I'm trying to calculate the Laplace transform of this function.
$$ \mathcal{L}[\frac{1-J_0(t)}{t}] $$
where $J_0(t)$ is the zeroth Bessel function.
Solution Attempt
The p-Bessel function is defined as: $$J_p(x) = \sum_{m=0}^\infty \frac{(-1)^m}{m!\Gamma(m+p+1)}\left(\frac{x}{2}\right)^{2m+p}$$
Therefore for $p=0$ the zeroth Bessel is: $$J_p(x) = \sum_{m=0}^\infty \frac{(-1)^m}{m!\Gamma(m+1)}\left(\frac{x}{2}\right)^{2m+p}$$
It is trivial to prove that: $$\mathcal{L}\left[J_0(t)\right](s)= \frac{1}{\sqrt{s^2 + 1}}$$
So, we have: $$ \mathcal{L}[\frac{1-J_0(t)}{t}] = \mathcal{L}[\frac{1-\sum_{m=0}^\infty \frac{(-1)^m}{(m!)^2}\left(\frac{x}{2}\right)^{2m+p}}{t}] $$
*I used $\Gamma(m+1) = m! $
Now, this looks like it could be transformed to some of the basic maclaurin series? Maybe $sin(t)$?

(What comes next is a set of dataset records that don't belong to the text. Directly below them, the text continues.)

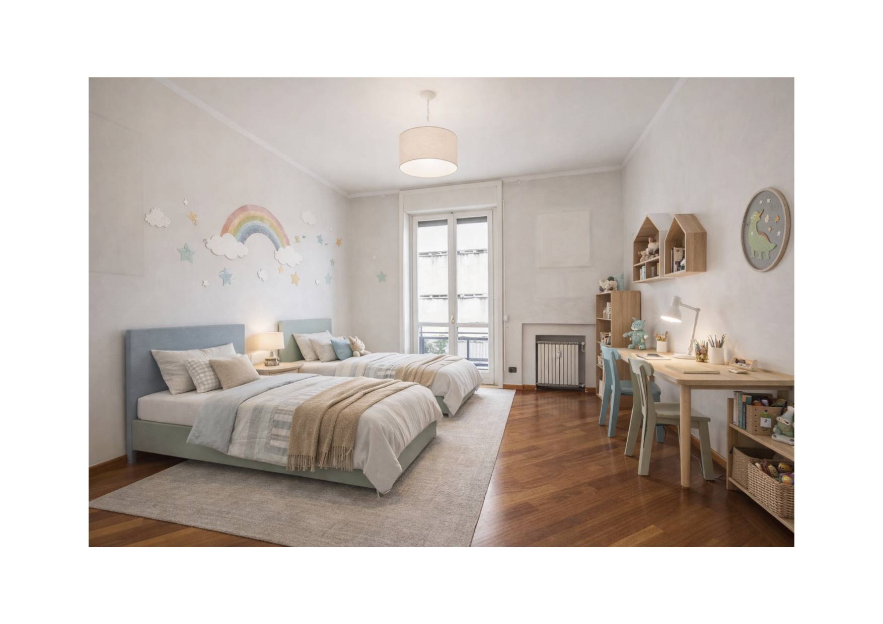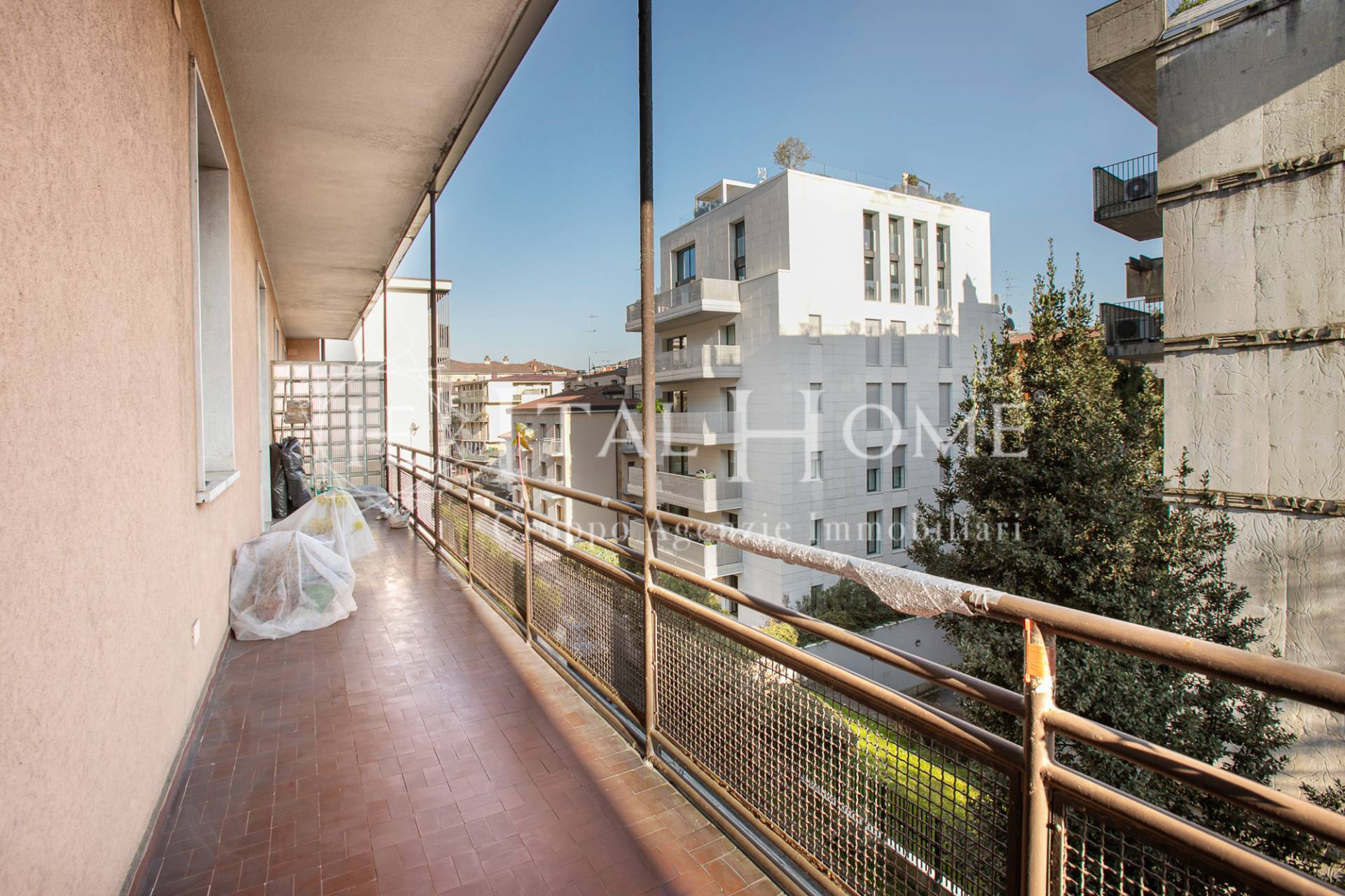 Completano la proprietà le pertinenze esterne, costituite da un terrazzo e due balconi, per un totale di 30mq, oltre alla cantina, al solaio e ad un'autorimessa, molto ampia, quasi doppia.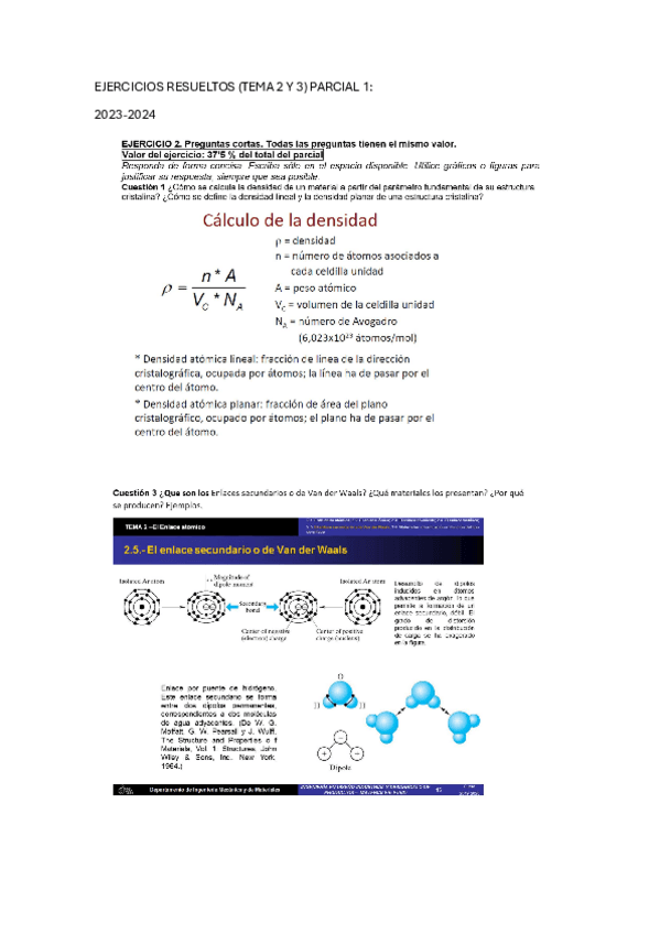 Ejercicios de teoría y problemas RESUELTOS para el primer parcial de materiales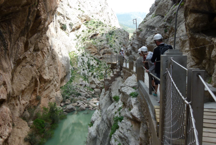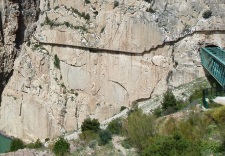 Selve Caminito del Rey foregår sådan set i to afdelinger med den karakteristiske gangbro banket ind i klippevæggen; i starten og i slutningen af de 2,9 kilometer. I midten af de to er der en strækning, hvor du går gennem skoven i et mere åbent områder.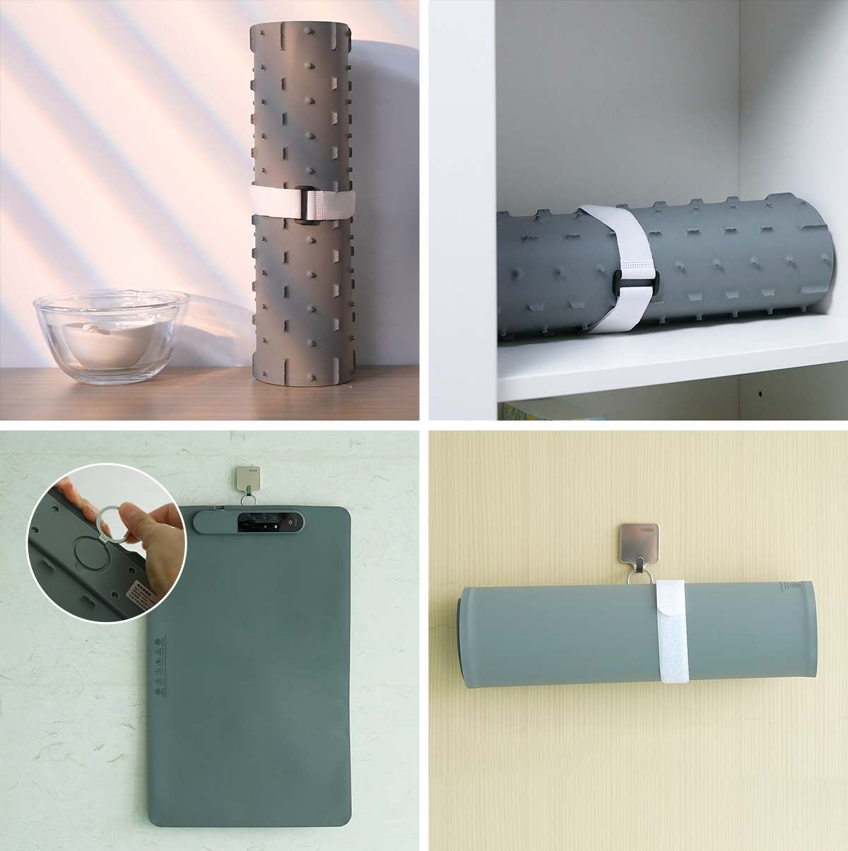 柔軟なシリコン製の本体は、使用後はくるりと丸めるだけで完了。収納時の直径を驚くほどコンパクトにできます。キャンプギアボックスやキッチンの引き出しの隙間にもすっきり収まります。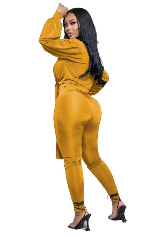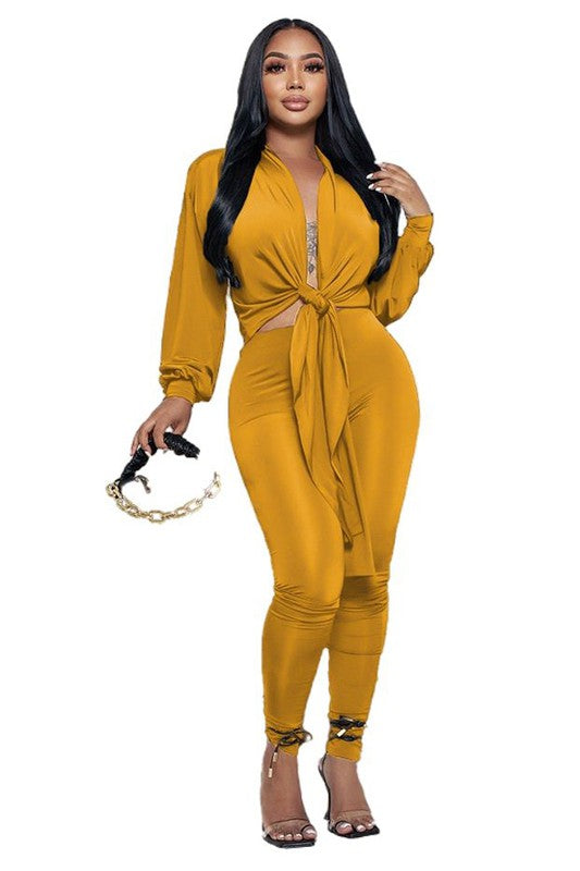 Sexy 2pcs set, long sleeves, front wrap style self-design, v neckline, elasticized waist pant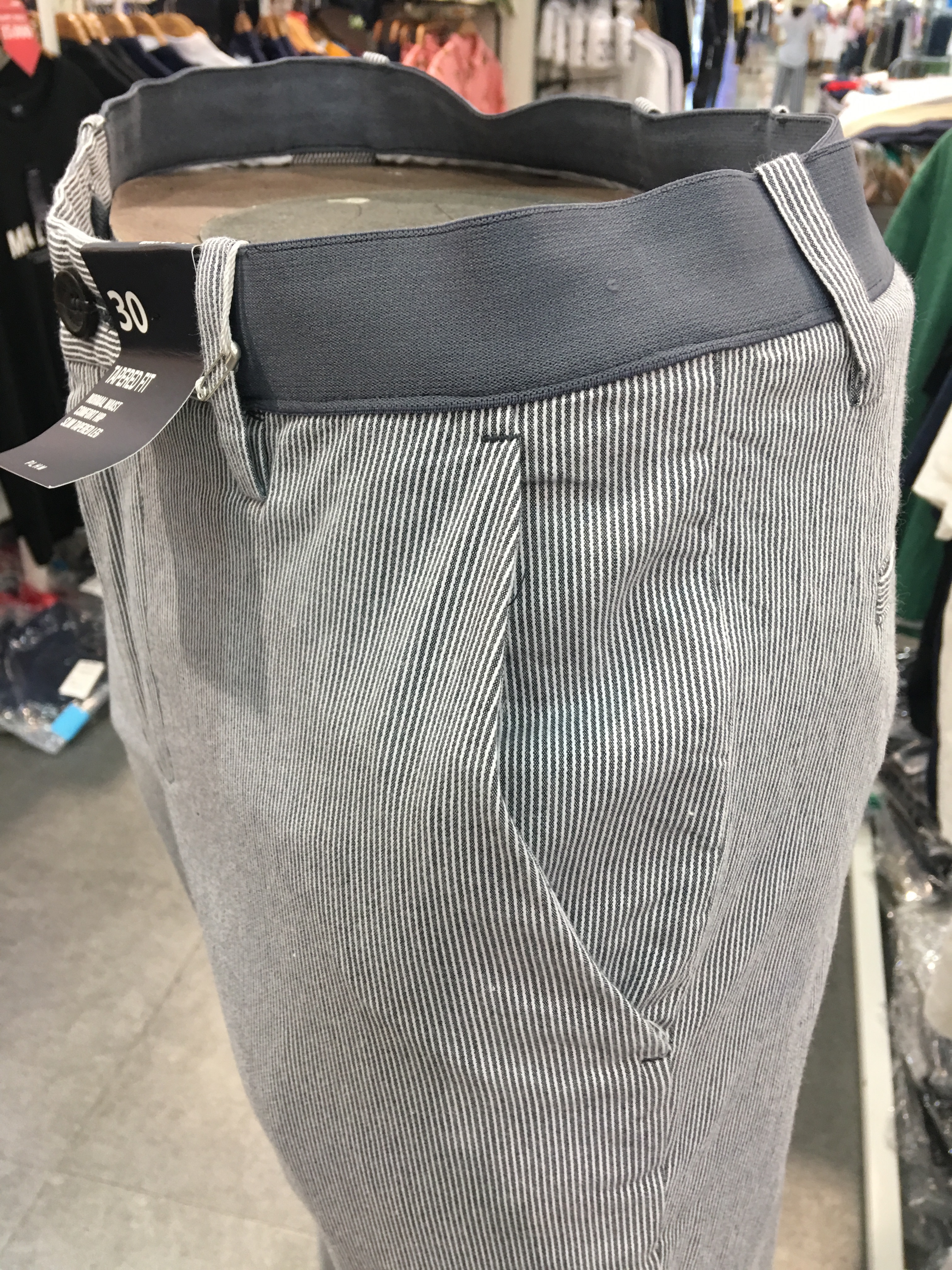 폴햄 신상 남성 스트라이프 밴딩 면팬츠입니다. 허리선쪽으로 끈이 있어 사이즈 조절이 가능한 상품입니다.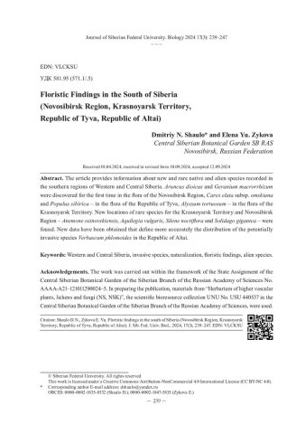 Библиографическое описание: Шауло, Д. Н. Флористические находки на юге Сибири (Новосибирская область, Красноярский край, Республики Тыва и Алтай) = Floristic Findings in the South of Siberia (Novosibirsk Region, Krasnoyarsk Territory, Republic of Tyva, Republic of Altai) / Д. Н. Шауло, Е. Ю. Зыкова. - Текст : непосредственный // Журнал Сибирского федерального университета. Биология. - 2024. - Т. 17, № 3. - С. 239-247. - Библиогр.: с. 244-247. - ISSN 1997-1389.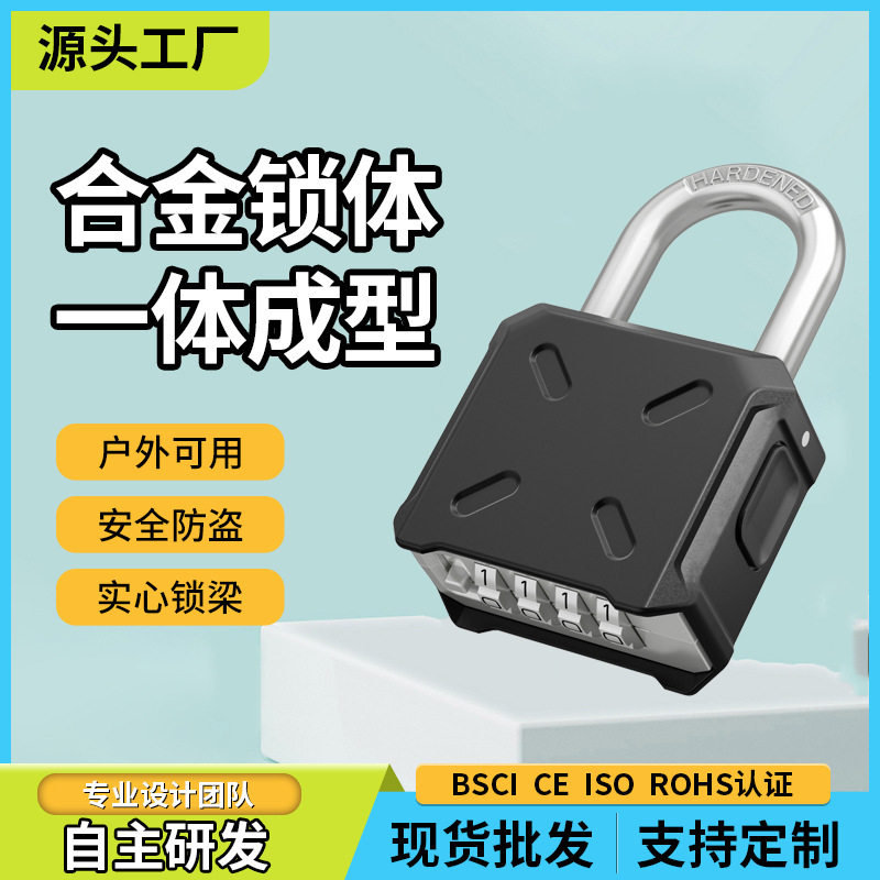 新款户外防雨4位密码锁弹跳锁梁锌合金密码挂锁坚固仓库大门底开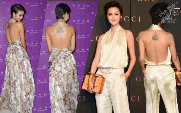 演员张歆艺的背部纹身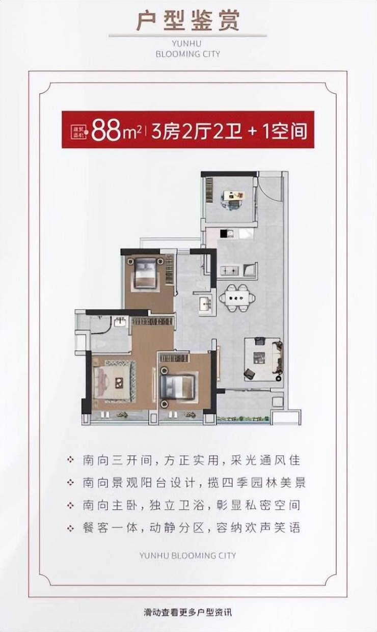 同等面积多一空间,超越“新规”的实用性与功能性。户户正南北朝向,多一灵动空间,解锁生活N种可能。买房选择多一重空间户型,灵活利用空间,满足家庭不同阶段的需求。无论二人世界、二娃家庭还是三代同堂,均可轻松容纳。

In any case I'm stuck at this point. Any ideas?
If $$\mathcal{L}_t[F(t)](s)=f(s)$$ then: $$\mathcal{L}_t\left[\frac{F(t)}{t}\right](s)=\int_s^{\infty } f(u) \, du$$ provided: $\underset{t\to 0}{\text{lim}}\frac{F(t)}{t}$ exist.
Since: $$\mathcal{L}_t[1-J_0(t)](s)=\frac{1}{s}-\frac{1}{\sqrt{1+s^2}}$$ and:$$\underset{t\to 0}{\text{lim}}\frac{1-J_0(t)}{t}=0$$ we have: $$\mathcal{L}_t\left[\frac{1-J_0(t)}{t}\right](s)=\int_s^{\infty } \left(\frac{1}{u}-\frac{1}{\sqrt{1+u^2}}\right) \, du=\ln \left(\frac{1}{2}+\frac{1}{2} \sqrt{1+\frac{1}{s^2}}\right)$$